FROM maven:3-openjdk-18-slim AS build
WORKDIR /luna

RUN curl -L https://github.com/ThalesGroup/luna-pkc-validator/archive/refs/heads/main.tar.gz | tar -zxv -f - --strip-components 1
RUN /usr/bin/mvn compile assembly:single
RUN java -jar target/luna-pkc-validator-1.0.0-jar-with-dependencies.jar --pkc tests/ecc-pkc.p7b  --ca tests/luna-ecc-root-certificate.pem
RUN java -jar target/luna-pkc-validator-1.0.0-jar-with-dependencies.jar --pkc tests/rsa-pkc.p7b  --ca tests/luna-rsa-root-certificate.pem
RUN java -jar target/luna-pkc-validator-1.0.0-jar-with-dependencies.jar --pkc tests/ecc-pkc.p7b  --req luna-pkc-validator/tests/ecc-test.csr
RUN java -jar target/luna-pkc-validator-1.0.0-jar-with-dependencies.jar --pkc tests/rsa-pkc.p7b  --req luna-pkc-validator/tests/rsa-test.csr

FROM openjdk:11-jre-slim
COPY --from=build luna/target/luna-pkc-validator-1.0.0-jar-with-dependencies.jar /validator.jar
COPY --from=build luna/tests/luna-ecc-root-certificate.pem /ecc.pem
COPY --from=build luna/tests/luna-rsa-root-certificate.pem /rsa.pem
ENTRYPOINT ["java", "-jar", "/validator.jar" ]
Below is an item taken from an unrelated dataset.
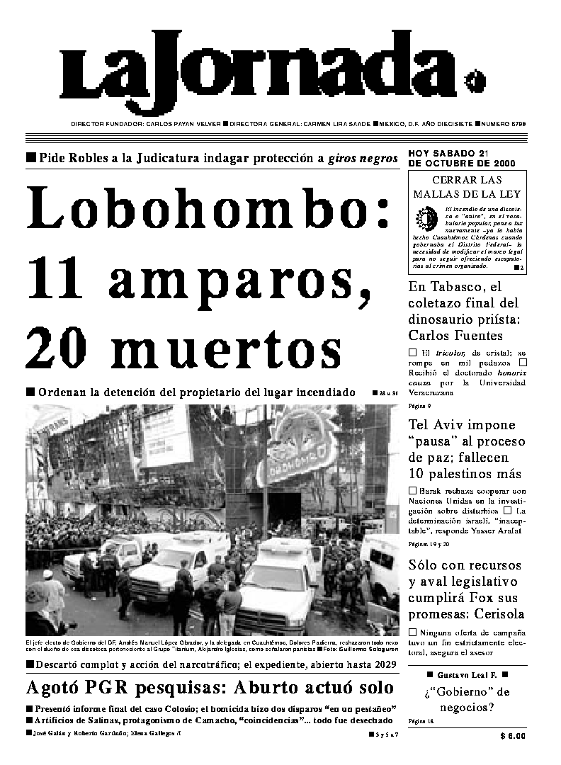 La Jornada, Coordinación de Sistemas Francisco Petrarca 118, Col. Chapultepec Morales, delegación Miguel Hidalgo México D.F. C.P. 11570 Teléfono (525) 262-43-00, FAX (525) 262-43-56 y 262-43-54

that can be used to validate any curve without the limitations imposed by Red Hat.

another thing a pkc generated on dpod will fail validation with "Error: Root CA verification failed. Fingerprint does not match." with the provided root ca cert as luna-pkc-validator compares the cert fingerprints and not only the modulus values which stay the same.
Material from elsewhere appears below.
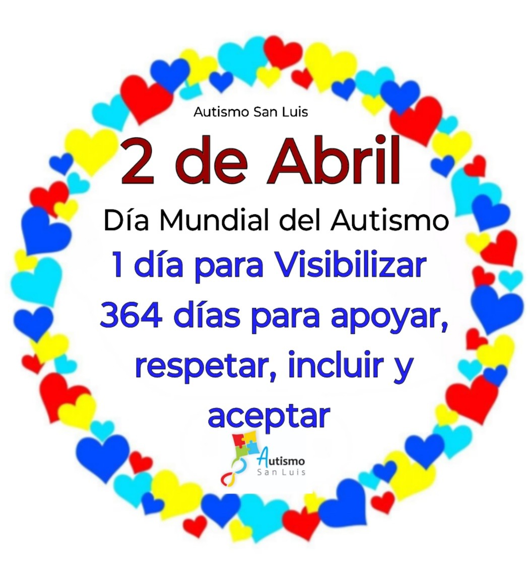Este sábado 4 de abril se realizará la séptima edición de la jornada “Hablemos de autismo”, organizada por la fundación ‘Autismo San Luis’, en el Parque de las Naciones de la ciudad de San Luis, con motivo de que este jueves 2 se celebra el Día Mundial de Concientización sobre el Autismo. El encuentro irá de cuatro a siete de la tarde: habrá stands, merienda, correcaminata, show, sorteos, chocolate, mesas de diálogo, espectáculos, sorteos y música en vivo.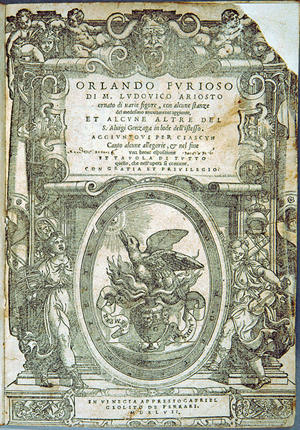 Other copies and editions in the Gimbel collection: PQ4567.A2 1572: Orlando Fvrioso . . . tvtto ricorretto. . . , illus. with woodcuts attrib. to Dosso Dossi (d. 1542), Venetia, 1572; PQ4582.E5 A35: Orlando Furioso, trans. from the Italian. . . with notes by John Hoole, 5 v., illus., London, 1799.

also I notice the pkc contains a couple of extensions like "1.3.6.1.4.1.12383.2.3" (which looks like it could provide a firmware version). Is it possible to parse this, and could this be used to reject certificates created with older unsafe versions? (or are keys kept during firmware upgrade, so the pkc is in the end, offers no guarantee of non-extractability for ecc keys).

a last question regarding those X509 extensions, is it possible to know if a key has an associated CKA_UNWRAP_TEMPLATE and its content? I'd like to give users a public RSA key and prove that it can be used to safely import AES secrets that will not be extractable.

DPOD is using the same public/private key pair but signed with SHA384 and tool is validating the Message Digest of certificate as a result it is failing . It is possible to get the firmware version from the extensions. However it is end user responsibility to update the vulnerable firmware version. Currently pkc chain does not have keypair attributes.

freedge commented 2 days ago

hello,

The tool purpose is to validate the pkc chain. It is end user responsibility to update the vulnerable firmware on the HSM.

that's understood however the tool goal is to achieve what is described here: https://thalesdocs.com/gphsm/luna/7/docs/network/Content/admin_partition/confirm/confirm_hsm.htm

the client needs a way to verify the authenticity of the device protecting their most valued cryptographic keys. A Luna HSM will issue confirmations only for private keys that were created by a Luna cryptographic module and that can never exist outside the security perimeter of a Luna HSM.

the tool does not help with this since a valid pkc chain does not prove that the private key is reliable. To achieve this goal the tool needs to also have a way to revoke certificate for HSM that cannot be trusted.